You're adding people and you accidentally add the wrong person. All of a sudden your Aunt Mary knows all your raunchy plans for the bachelor party.
On this week's On the Media from WNYC. Find On the Media wherever you get your podcasts.
Hey, I'm Jan Abumrad. And I'm Robert Krulwich.
This is Radiolab. Today we're listening to a story about Lucy.
Lucy.
The confused chimp.
Confused chimp.
This is the chimp that's raised as a human.
Who dressed like a human.
Talks like a human.
Even.
Well, a little bit anyway.
It's actually attracted to humans.
So the thing to understand before we go on in the story, says Charles Siebert, is you
can do this and you can do it heartily and you can get one confused chimp.
But at some point, nature reasserts itself, at least in this way. As a chimpanzee grows, it becomes very strong.
Very strong. And that, says Charles, is usually the point where the human owner throws in the towel.

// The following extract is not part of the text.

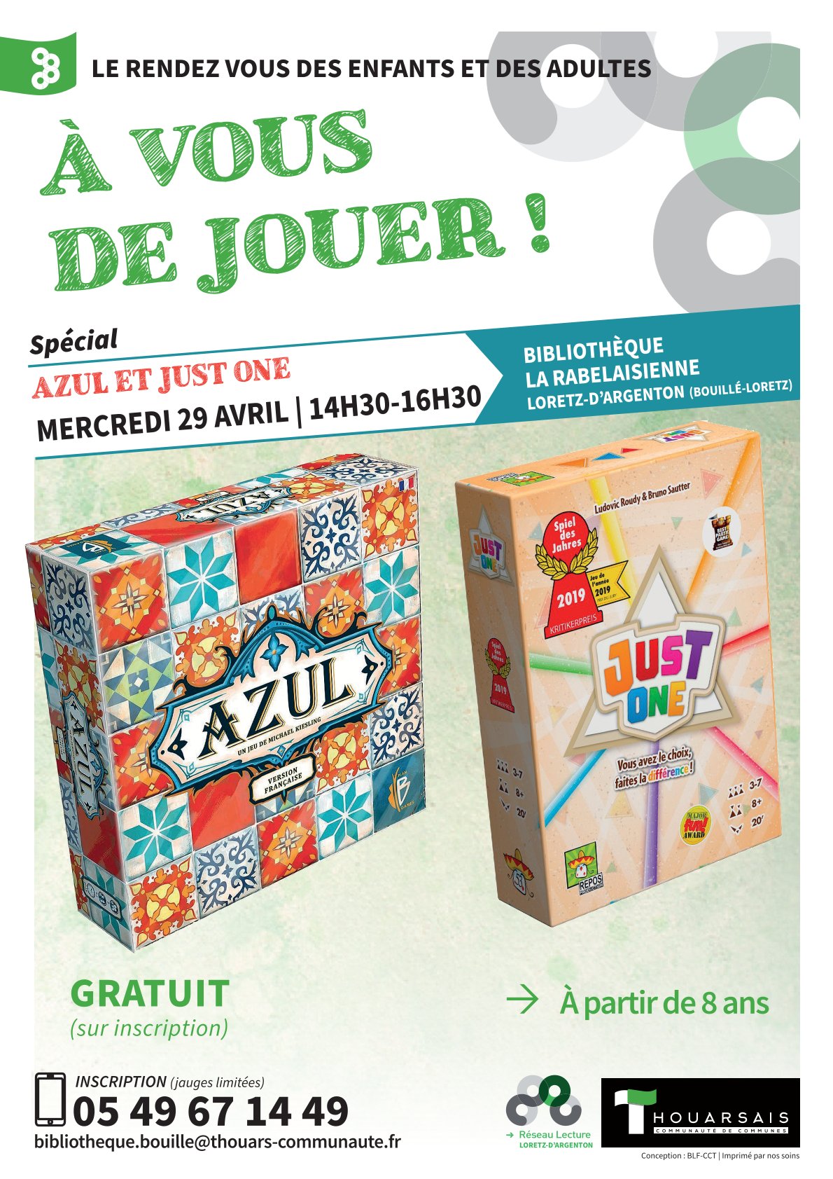 Venez tester les jeux mythiques Azul et Just One à la bibliothèque, Pour le premier l'objectif est de créer un motif en mosaïque de manière stratégique et pour l’autre, le but est de faire deviner des mots en mode coopératif très fun ! dés 8 ans - gratuit - sur inscription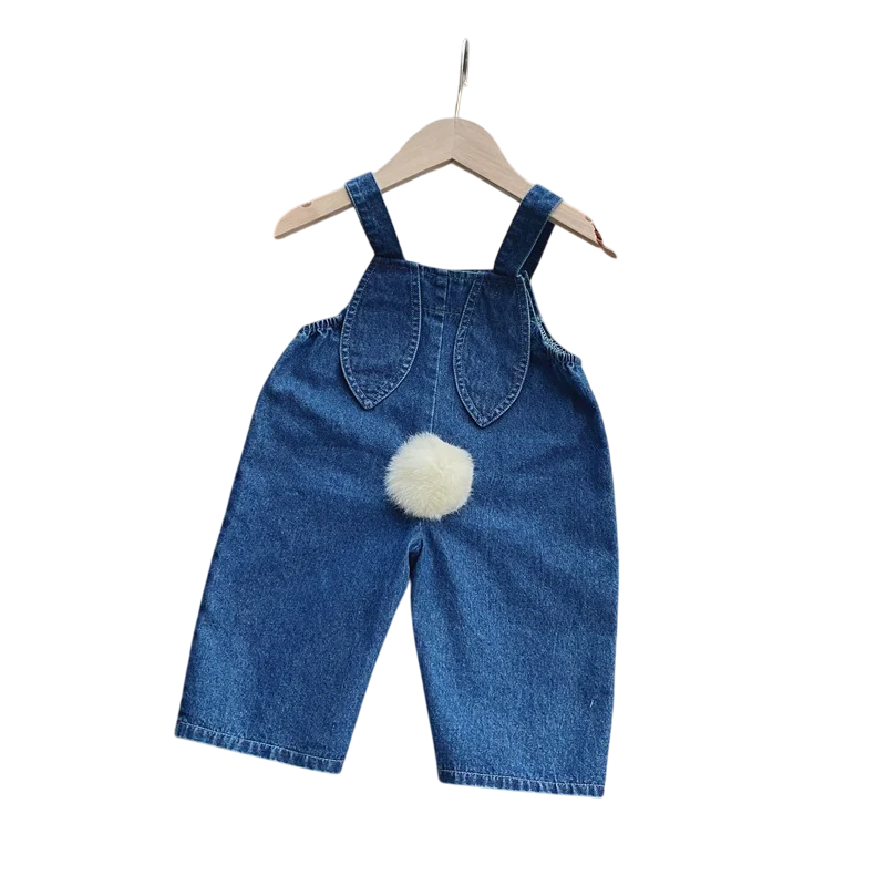 Salopette en jean sans manches pour bébés et filles avec des oreilles de lapin et une queue

And, you know, there are people who really, who can't have children who have chimps as their substitute children. And they all have to go through that moment where the chimp gets too big, too strong, too willful, too sexually mature, and they invariably relinquish the chimp.
But in Lucy's case, what happened? So in Lucy's case, the Timberlands really hung on way longer than most. Lucy was 10, going on 11.
They had by by this time, rigged up an entire portion of the house for this very strong, willful animal. You know, behind bars, padded rooms so you can bounce.
Behind bars? Bars? They built a cage inside the house? In their house. Which defeats the entire purpose of the whole thing.
That's right. Was she destroying things? Oh, God, she was tearing the house to shreds.
Lucy was into everything. She could take a normal living room and turn it into pure chaos in less than five minutes.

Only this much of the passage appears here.